== Segment start ==

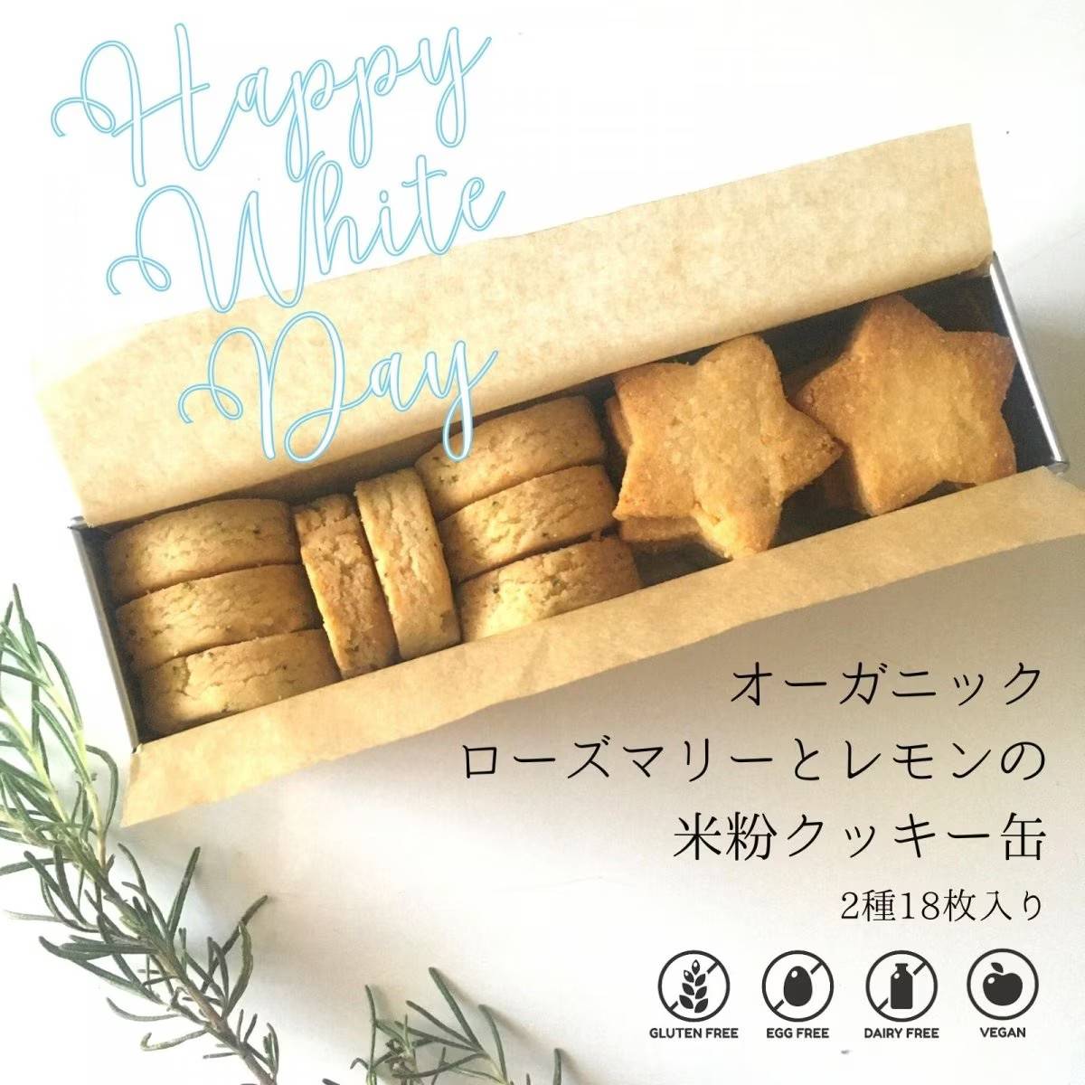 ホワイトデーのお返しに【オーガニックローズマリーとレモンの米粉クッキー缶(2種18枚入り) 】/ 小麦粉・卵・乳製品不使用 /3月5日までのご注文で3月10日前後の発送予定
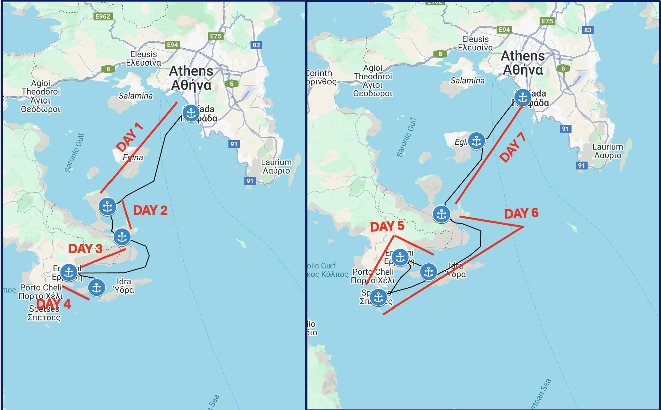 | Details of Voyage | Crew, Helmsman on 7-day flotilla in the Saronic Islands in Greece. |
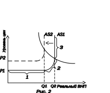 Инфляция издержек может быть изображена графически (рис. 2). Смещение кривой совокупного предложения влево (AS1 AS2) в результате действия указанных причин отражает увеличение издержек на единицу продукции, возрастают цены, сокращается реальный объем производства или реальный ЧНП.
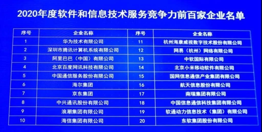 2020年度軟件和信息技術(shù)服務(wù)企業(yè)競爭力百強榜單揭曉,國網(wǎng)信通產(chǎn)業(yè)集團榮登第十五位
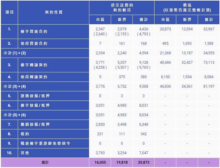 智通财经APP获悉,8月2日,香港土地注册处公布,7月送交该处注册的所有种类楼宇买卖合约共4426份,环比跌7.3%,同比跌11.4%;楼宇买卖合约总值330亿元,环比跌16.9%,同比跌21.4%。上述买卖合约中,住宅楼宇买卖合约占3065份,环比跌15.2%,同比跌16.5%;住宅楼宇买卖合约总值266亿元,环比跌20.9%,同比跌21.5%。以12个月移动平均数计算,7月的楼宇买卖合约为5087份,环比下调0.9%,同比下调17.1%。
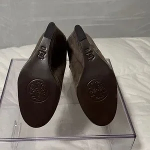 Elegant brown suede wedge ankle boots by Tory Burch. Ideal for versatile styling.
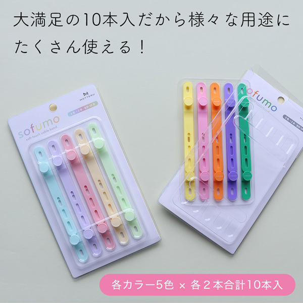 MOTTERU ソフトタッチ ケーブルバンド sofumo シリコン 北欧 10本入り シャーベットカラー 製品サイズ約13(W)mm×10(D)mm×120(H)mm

== Segment end ==

What you need to do -
The expected output is the exact run of lines from the one containing "2020年度軟件和信息技術(shù)服務" through the final line of the data above, both ends included, with no pictures.

Solution to this task -
 2020年度軟件和信息技術(shù)服務(wù)企業(yè)競爭力百強榜單揭曉,國網(wǎng)信通產(chǎn)業(yè)集團榮登第十五位
 智通财经APP获悉,8月2日,香港土地注册处公布,7月送交该处注册的所有种类楼宇买卖合约共4426份,环比跌7.3%,同比跌11.4%;楼宇买卖合约总值330亿元,环比跌16.9%,同比跌21.4%。上述买卖合约中,住宅楼宇买卖合约占3065份,环比跌15.2%,同比跌16.5%;住宅楼宇买卖合约总值266亿元,环比跌20.9%,同比跌21.5%。以12个月移动平均数计算,7月的楼宇买卖合约为5087份,环比下调0.9%,同比下调17.1%。
 Elegant brown suede wedge ankle boots by Tory Burch. Ideal for versatile styling.
 MOTTERU ソフトタッチ ケーブルバンド sofumo シリコン 北欧 10本入り シャーベットカラー 製品サイズ約13(W)mm×10(D)mm×120(H)mm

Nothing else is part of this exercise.